Career highlights and awards
- First-team All-American (2001); First-team All-Pac-10 (2001); Second-team All-Pac-10 (2000);

Career NFL statistics
- Games played:: 119
- Games started:: 114
- Stats at Pro Football Reference

= Eric Heitmann =

American football player (born 1980)

Eric Wade Heitmann (born February 24, 1980) is an American former professional football player who was a center for the San Francisco 49ers of the National Football League (NFL). He played college football for the Stanford Cardinal and was selected by the 49ers in the seventh round (239th overall) of the 2002 NFL draft.

==College career==

Heitmann graduated from Stanford University where he was voted first-team All-American following the 2001 season. He played guard for his entire tenure as a Cardinal, and he was a three time All-Pac-10 selection. Heitmann became the first Stanford offensive lineman voted All-American since Bob Whitfield in 1992.

==Professional career==
In 2002, Heitmann was the first rookie to start a game on the 49ers offensive line since 1987, when Harris Barton started at right tackle. He finished the 2002 season starting 12 games, including two playoff contests. He switched to center in the absence of regular center Jeremy Newberry.
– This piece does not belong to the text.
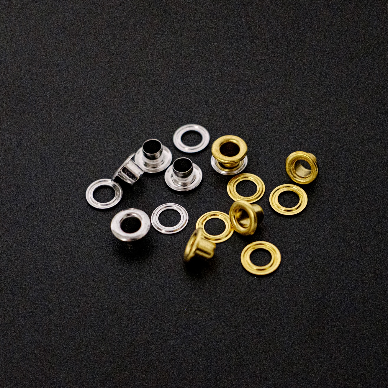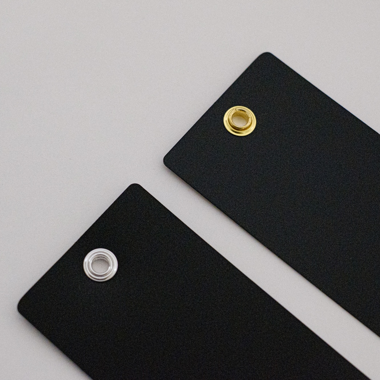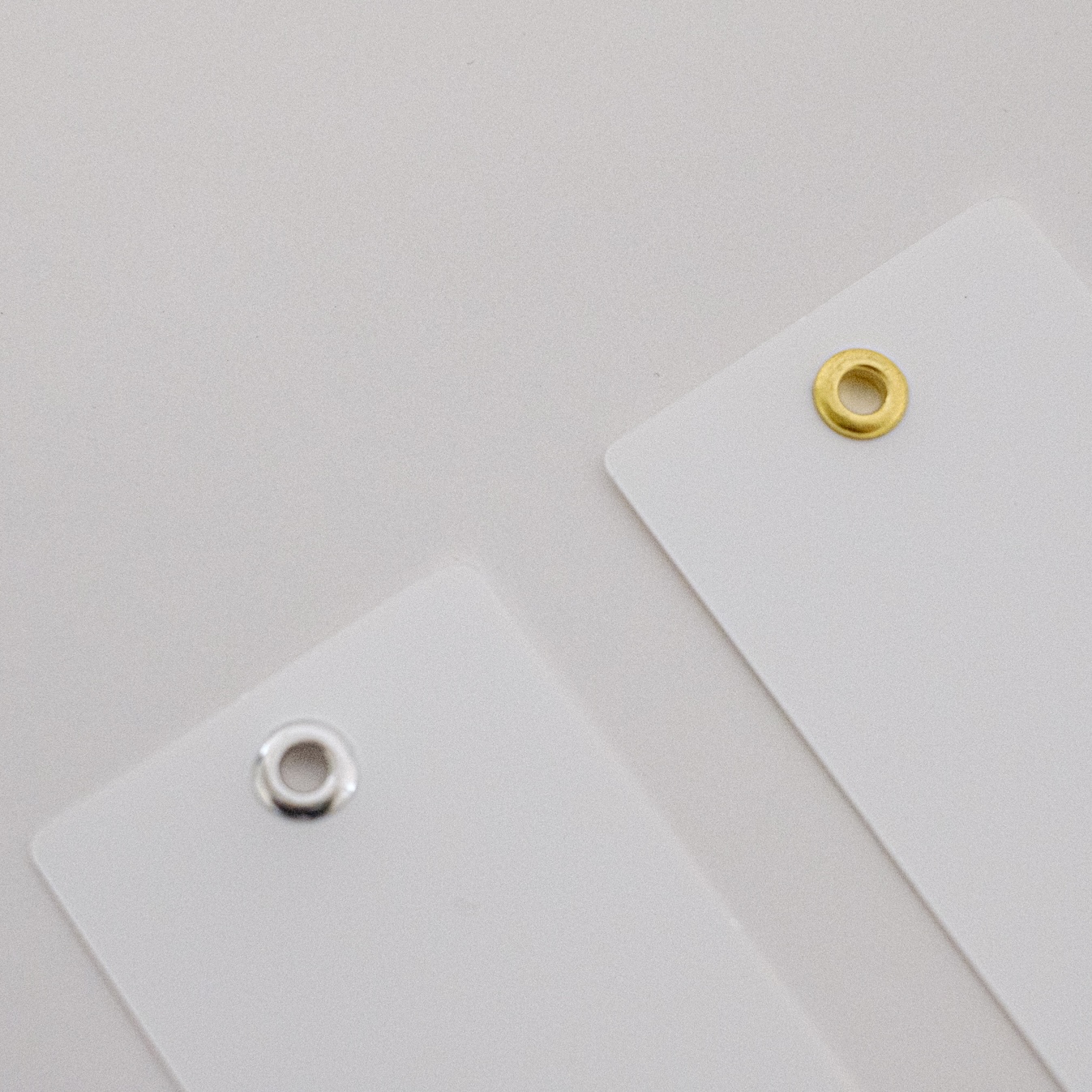 クリアしおりなど質感を上げるアクセントに両面ハトメの取り付けいただくことが可能です。両面ハトメの口径は4mmのみ、色数は金・銀の2色からお選びください。
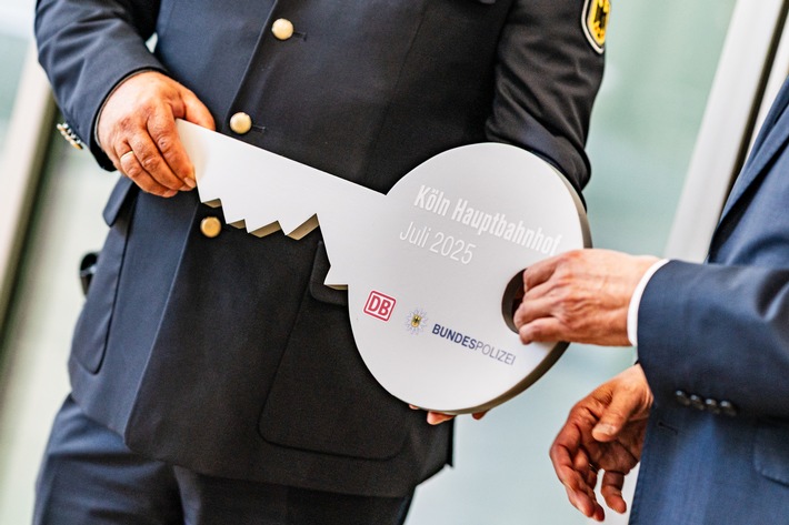 Am heutigen Donnerstag, 17.Juli 2025, wurde durch den Leiter des Bahnhofsmanagements Köln, Kai Rossmann, symbolisch der Schlüssel für die neue Wache an den Leiter der Bundespolizeiinspektion Köln, Udo Peltzer, übergeben.

After an injury-plagued 2003 season, he started all 16 games in 2004.

Prior to the 2005 season, he worked to get stronger and more powerful under the tutelage of renowned strength coach Johnny Parker. His work paid off early in minicamps, and the 49ers signed him to a 4-year extension in June 2005. He started in all 16 games including 10 at right guard and six at center during the 2005 season.

Heitmann was converted to full-time center for the 2006 season. However, on December 14, in a game against the Seattle Seahawks, Heitmann broke his right tibia with 6:13 left in the first quarter on a two-yard run by Frank Gore. Heitmann was down on the field for several minutes before being taken to the locker room on a cart. He consequently had surgery on his knee and finished the 2006 season on injured reserve after having started the first 14 games. For his dedication and commitment, Heitmann was given the Bobb McKittrick award, named after the late 49ers offensive line coach.

In 2007, Heitmann had recovered from his injury and started all 16 games at center.